Work instruction -
Print all of the data below exactly as it appears, leaving out every image.

Available data -
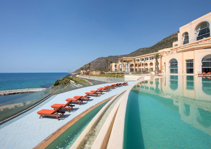 Niché entre mer Méditerranée et montagnes, le Royal Tulip Korbous Bay Thalasso & Springs incarne l'escapade de luxe par excellence. Ce véritable havre de paix offre une expérience inoubliable, où le confort et le bien-être se rencontrent dans un cadre naturel spectaculaire. L'hôtel, au design moderne et raffiné, propose des chambres élégantes, des suites spacieuses et des villas privées avec des vues à couper le souffle sur la baie ou les montagnes environnantes. Chaque détail est pensé pour offrir une atmosphère sereine et intime, idéale pour se ressourcer après une journée de détente dans le centre de thalassothérapie ou de baignade dans les piscines à eau thermale. Avec ses restaurants gastronomiques, ses espaces dédiés au bien-être et un service irréprochable, cet hôtel de prestige vous permet de savourer l'authenticité de Korbous tout en bénéficiant de tout le luxe et de la tranquillité d'un établissement haut de gamme.
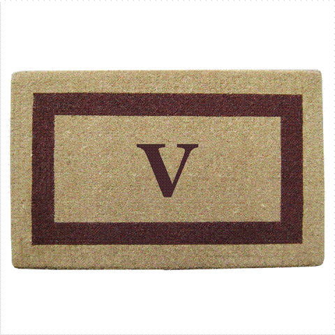 Nedia Home 02023V Single Picture - Brown Frame 22 x 36 In. Heavy Duty Coir Doormat - Monogrammed V
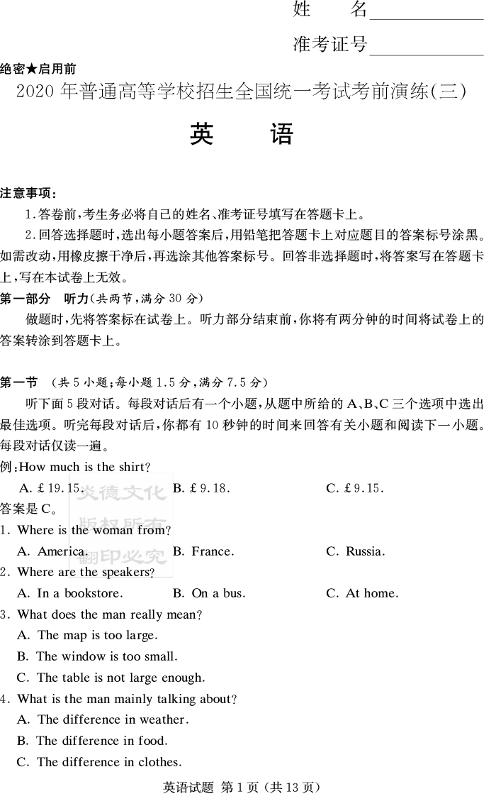 下一篇:【語文】2020年普通高等學校招生全國統一考試考前演練(三)
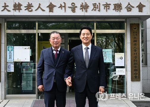 프레스유니온 강찬희 기자 | 오세훈 서울시장은 17일 오후 3시 30분, 용산구에 위치한 대한노인회 서울시연합회를 방문해 어르신 활력증진과 초고령사회에 대응하기 위한 업무협약을 체결하고, 양 기관의 협력 방안을 논의했다.
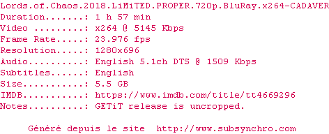 Voir le nfo de la release Lords.Of.Chaos.2018.LiMiTED.PROPER.720p.BluRay.x264-CADAVER
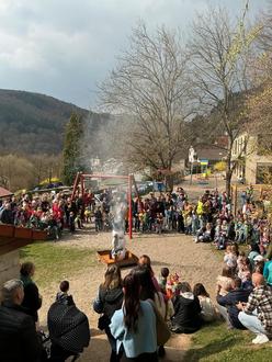 Nach zwei Stunden Bastelzeit trafen sich Alle auf dem Außengelände. Hier wartete schon der Schneemann in einer Feuerschale, den Kinder und ErzieherInnen gemeinsam gestaltet hatten. Gemeinsam sangen wir Frühlingslieder und im Anschluss wurde der Schneemann verbrannt. Es war ein wunderschönes Frühlingsfest mit vielen fröhlichen Begegnungen, Gesprächen und Kinderlachen.
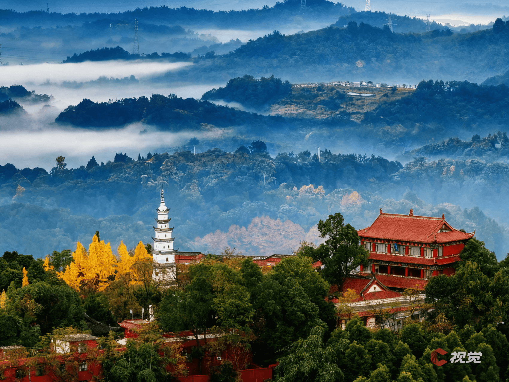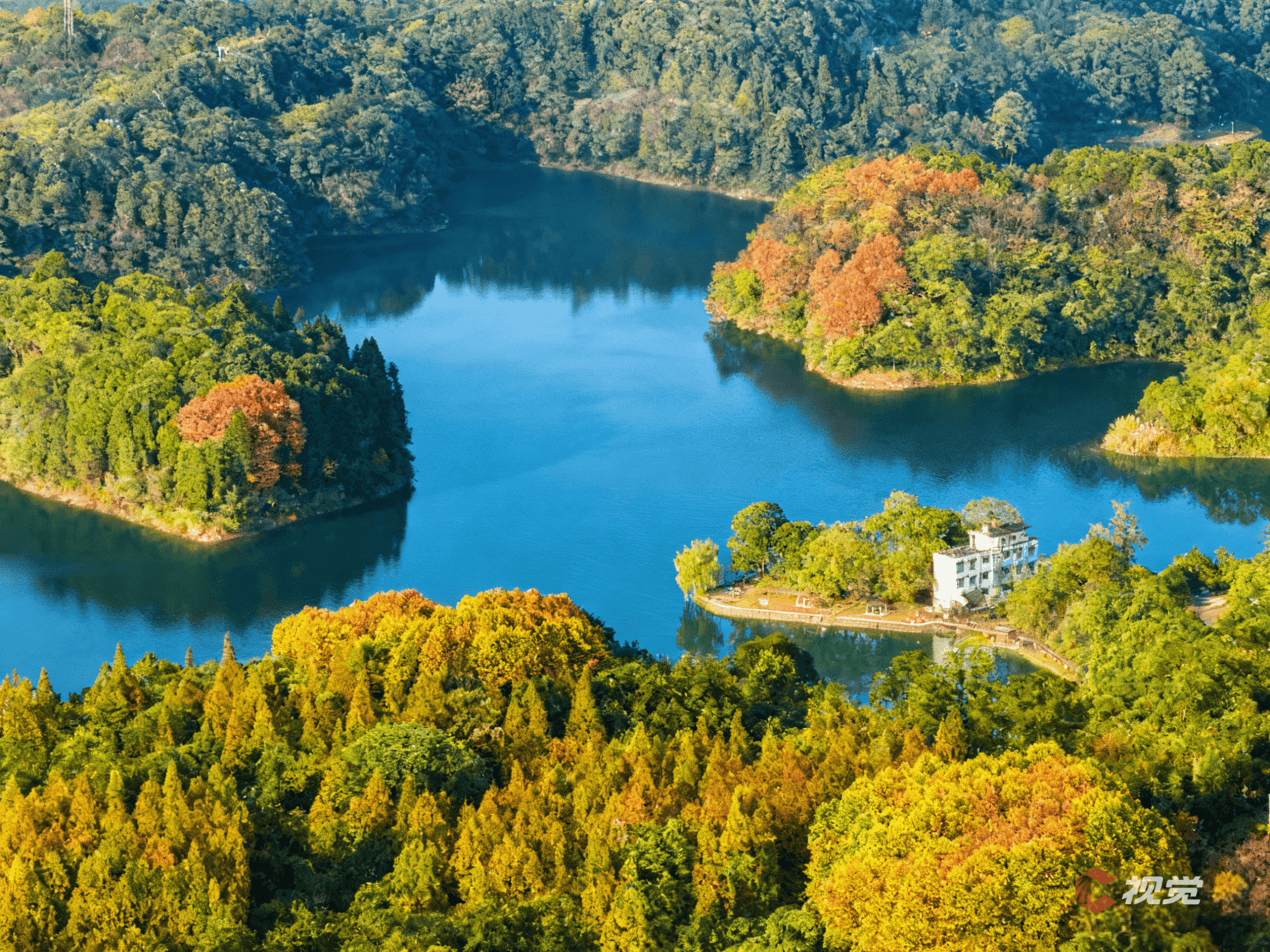11月15日晨,在崇州白塔湖,彩林尽染,与层叠山峦构成了一幅乡村美景画卷。C视觉签约摄影师 朱志宏

Solution to this exercise -
 Niché entre mer Méditerranée et montagnes, le Royal Tulip Korbous Bay Thalasso & Springs incarne l'escapade de luxe par excellence. Ce véritable havre de paix offre une expérience inoubliable, où le confort et le bien-être se rencontrent dans un cadre naturel spectaculaire. L'hôtel, au design moderne et raffiné, propose des chambres élégantes, des suites spacieuses et des villas privées avec des vues à couper le souffle sur la baie ou les montagnes environnantes. Chaque détail est pensé pour offrir une atmosphère sereine et intime, idéale pour se ressourcer après une journée de détente dans le centre de thalassothérapie ou de baignade dans les piscines à eau thermale. Avec ses restaurants gastronomiques, ses espaces dédiés au bien-être et un service irréprochable, cet hôtel de prestige vous permet de savourer l'authenticité de Korbous tout en bénéficiant de tout le luxe et de la tranquillité d'un établissement haut de gamme.
 Nedia Home 02023V Single Picture - Brown Frame 22 x 36 In. Heavy Duty Coir Doormat - Monogrammed V
 下一篇:【語文】2020年普通高等學校招生全國統一考試考前演練(三)
 프레스유니온 강찬희 기자 | 오세훈 서울시장은 17일 오후 3시 30분, 용산구에 위치한 대한노인회 서울시연합회를 방문해 어르신 활력증진과 초고령사회에 대응하기 위한 업무협약을 체결하고, 양 기관의 협력 방안을 논의했다.
 Voir le nfo de la release Lords.Of.Chaos.2018.LiMiTED.PROPER.720p.BluRay.x264-CADAVER
 Nach zwei Stunden Bastelzeit trafen sich Alle auf dem Außengelände. Hier wartete schon der Schneemann in einer Feuerschale, den Kinder und ErzieherInnen gemeinsam gestaltet hatten. Gemeinsam sangen wir Frühlingslieder und im Anschluss wurde der Schneemann verbrannt. Es war ein wunderschönes Frühlingsfest mit vielen fröhlichen Begegnungen, Gesprächen und Kinderlachen.
11月15日晨,在崇州白塔湖,彩林尽染,与层叠山峦构成了一幅乡村美景画卷。C视觉签约摄影师 朱志宏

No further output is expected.